__DESCRIPTION OF THE TASK__
Copy the records below in full, keeping each word as it is but omitting the pictures.

__TASK INPUT__
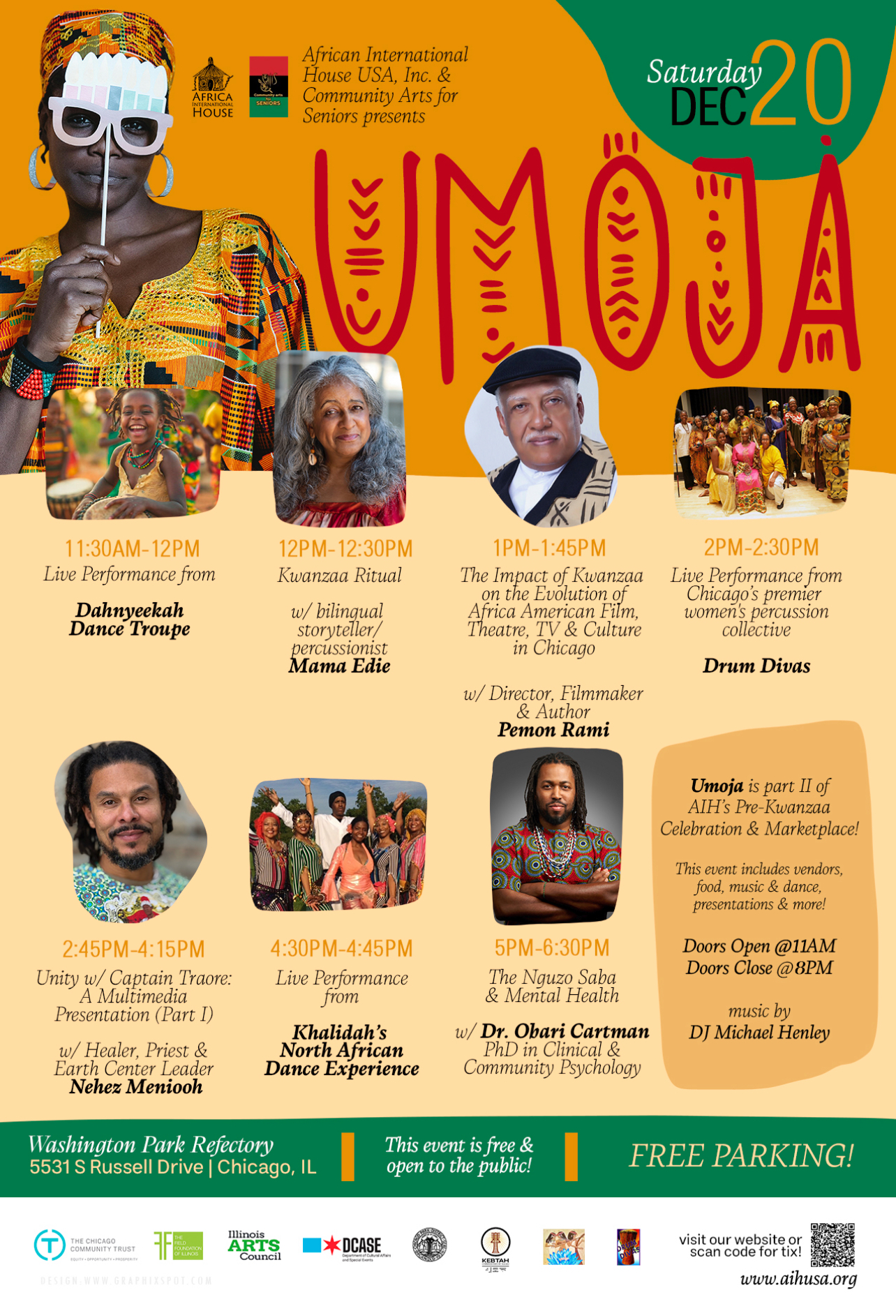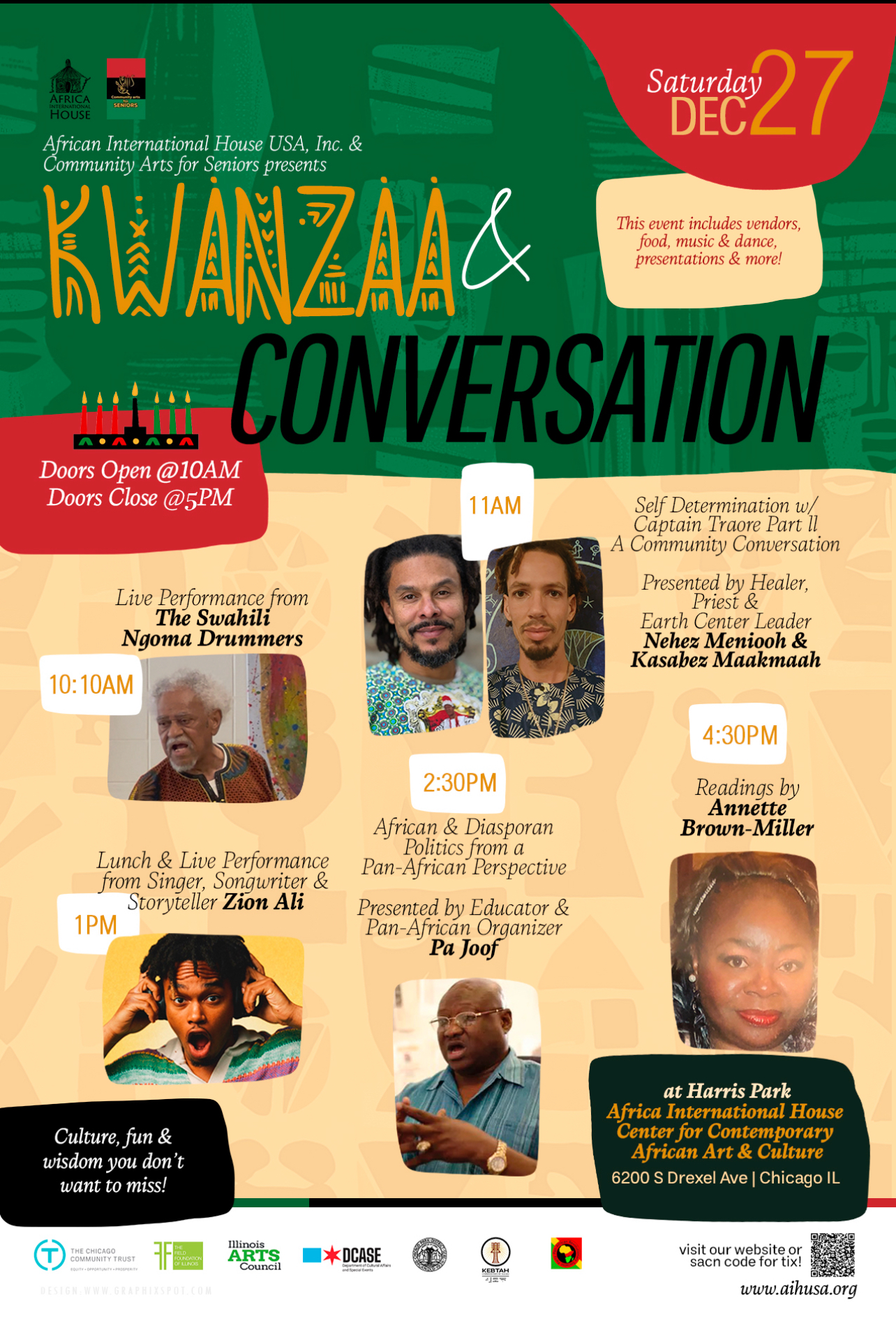 Join Africa International House USA, Inc. for a joyful, day-long celebration — Kwanzaa Our Way! This special event, part of AIH’s Pre-Kwanzaa Celebration & Marketplace, honors our rich heritage, creativity, and community spirit through art, fashion, dance, and fellowship.
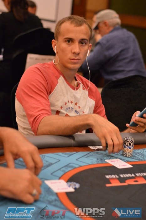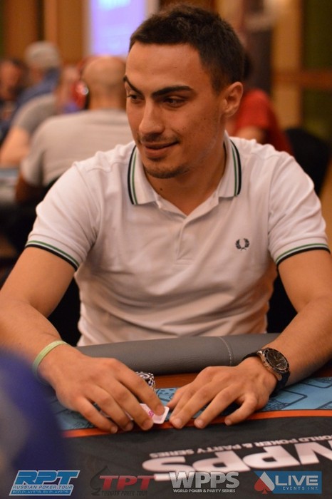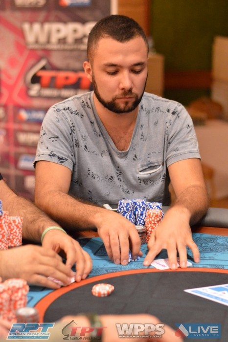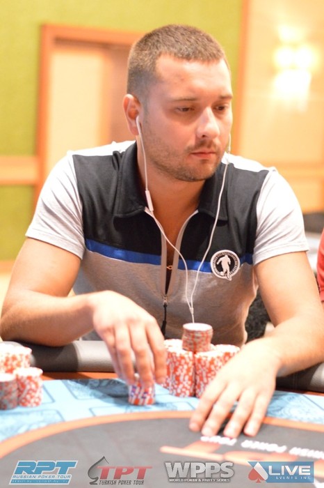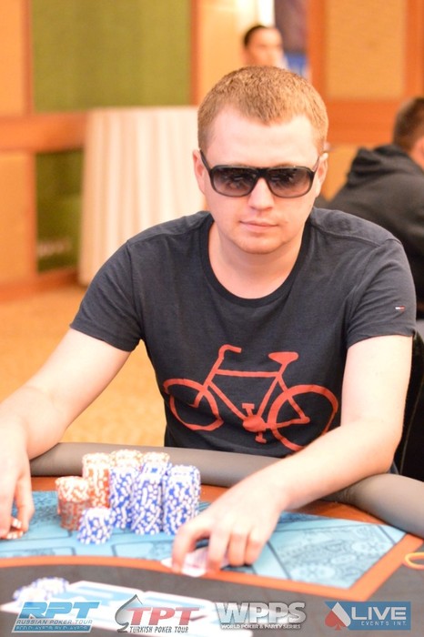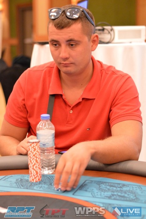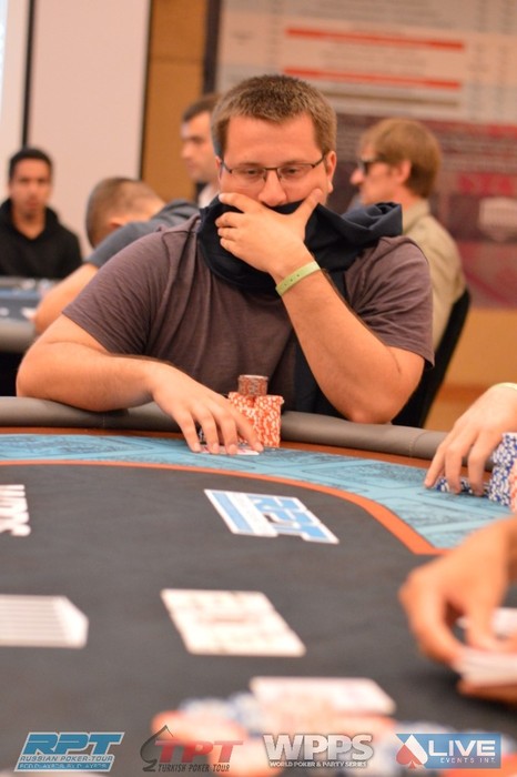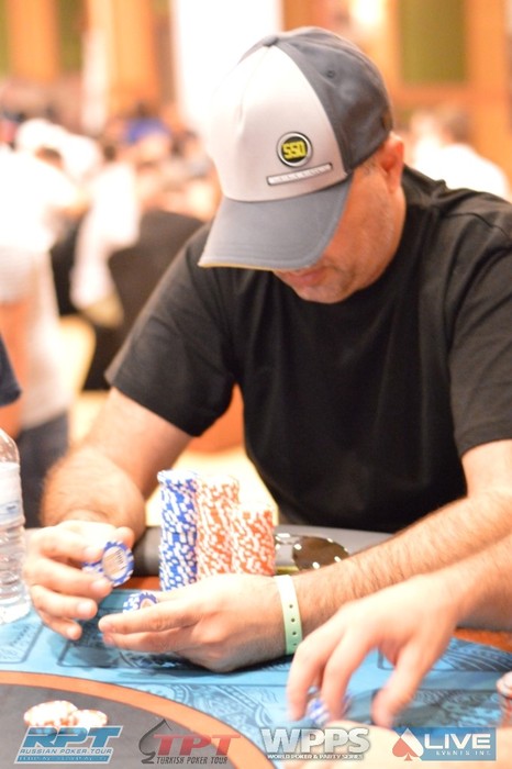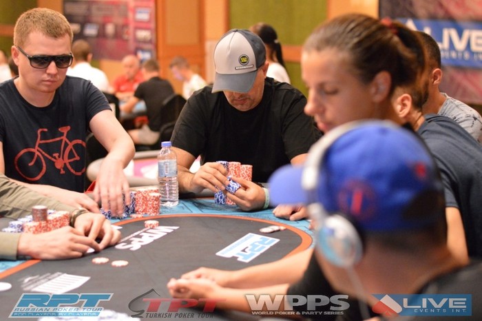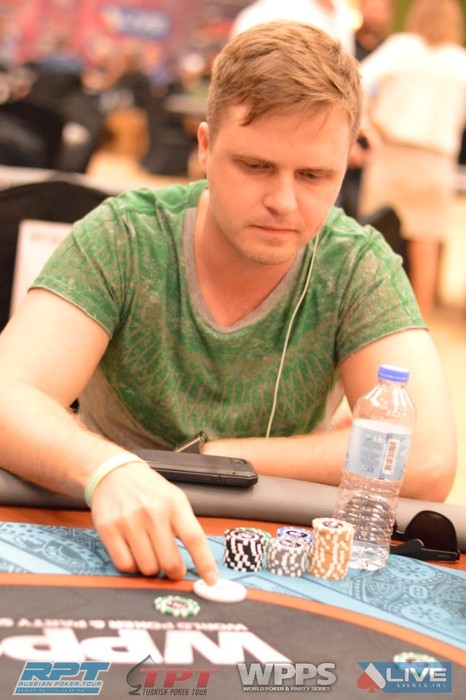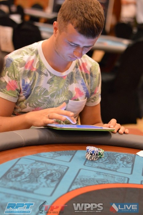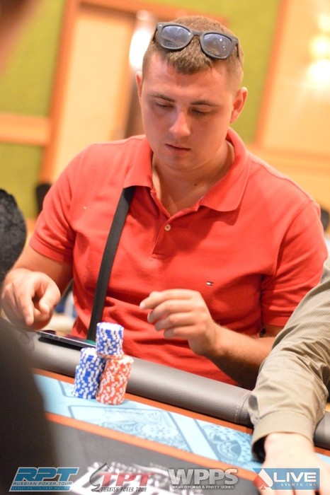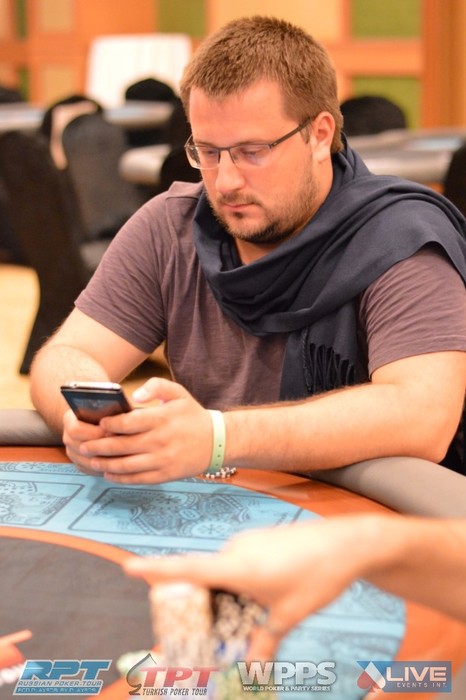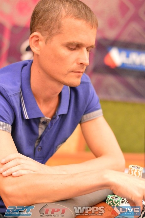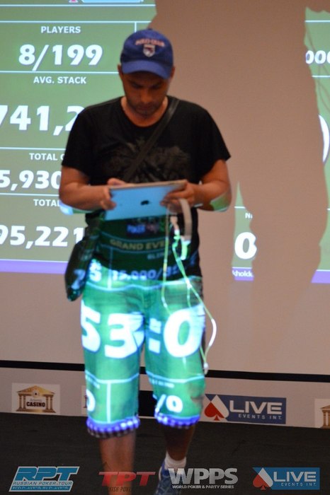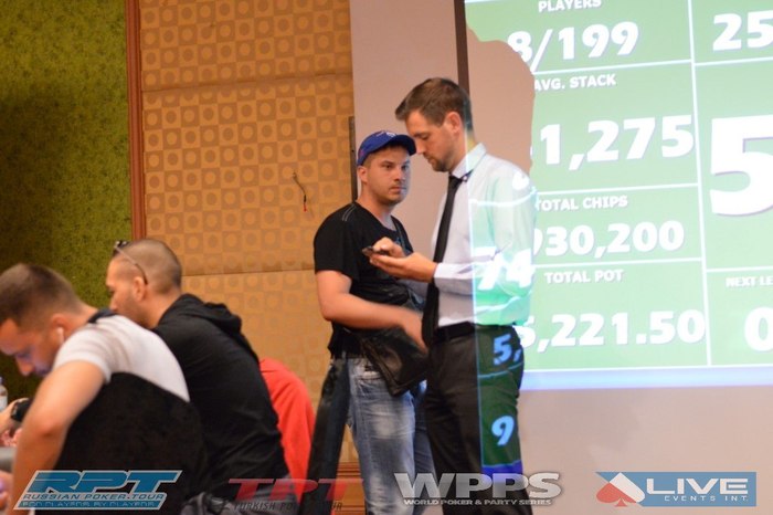MaloyAndSo, да, Евгений в турнире. Стеки можно будет точно посчитать только в перерыве финального стола, однако это фото сделано буквально пять минут назад. Только что, кстати, был аут и в игре осталось 12-ть человек. Выбывший попросил не указывать его имени.
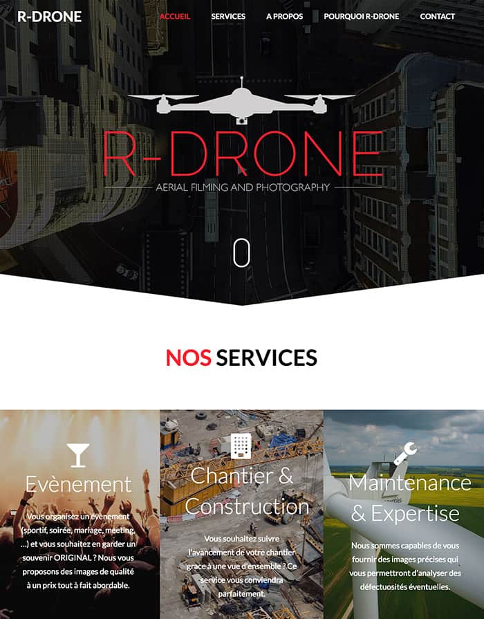 R-Drone est une entreprise qui propose des prises de vues aériennes professionnelles capturées par drone.
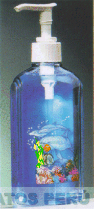 EL DISEÑO QUE PRESENTA FIGURAS DE DELFINES Y ALGAS MARINAS QUE EVOCAN MOVIMIENTO DE FLOTACION EN LIQUIDO, TODO EN LOS COLORES AZUL, CELESTE, BLANCO, AMARILLO, VERDE, ROSADO, ANARANJADO, ROJO Y NEGRO, CONFORME AL FACSIMIL ADJUNTO SIN REIVINDICAR LA FORMA DEL ENVASE,
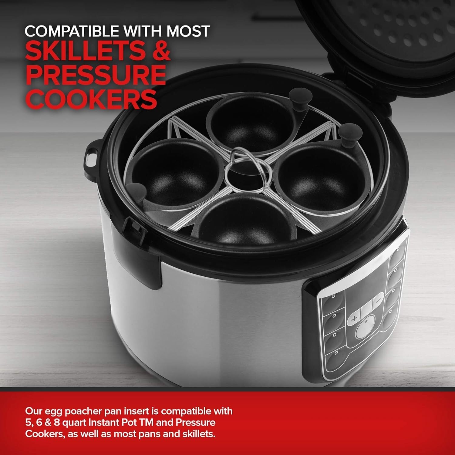 - Compatible with Most Skillets: Our poaching tray helps you poach eggs more evenly and faster than conventional poaching methods. It is also designed to keep the egg cups standing upright, preventing them from tipping over while you’re cooking. Our egg poacher pan insert is compatible with Instapot accessories such as 5, 6 & 8 quart Instant Pot TM and Pressure Cookers, as well as most pans and skillets.

__WRITTEN REPLY__
 Join Africa International House USA, Inc. for a joyful, day-long celebration — Kwanzaa Our Way! This special event, part of AIH’s Pre-Kwanzaa Celebration & Marketplace, honors our rich heritage, creativity, and community spirit through art, fashion, dance, and fellowship.
MaloyAndSo, да, Евгений в турнире. Стеки можно будет точно посчитать только в перерыве финального стола, однако это фото сделано буквально пять минут назад. Только что, кстати, был аут и в игре осталось 12-ть человек. Выбывший попросил не указывать его имени.
 R-Drone est une entreprise qui propose des prises de vues aériennes professionnelles capturées par drone.
 EL DISEÑO QUE PRESENTA FIGURAS DE DELFINES Y ALGAS MARINAS QUE EVOCAN MOVIMIENTO DE FLOTACION EN LIQUIDO, TODO EN LOS COLORES AZUL, CELESTE, BLANCO, AMARILLO, VERDE, ROSADO, ANARANJADO, ROJO Y NEGRO, CONFORME AL FACSIMIL ADJUNTO SIN REIVINDICAR LA FORMA DEL ENVASE,
 - Compatible with Most Skillets: Our poaching tray helps you poach eggs more evenly and faster than conventional poaching methods. It is also designed to keep the egg cups standing upright, preventing them from tipping over while you’re cooking. Our egg poacher pan insert is compatible with Instapot accessories such as 5, 6 & 8 quart Instant Pot TM and Pressure Cookers, as well as most pans and skillets.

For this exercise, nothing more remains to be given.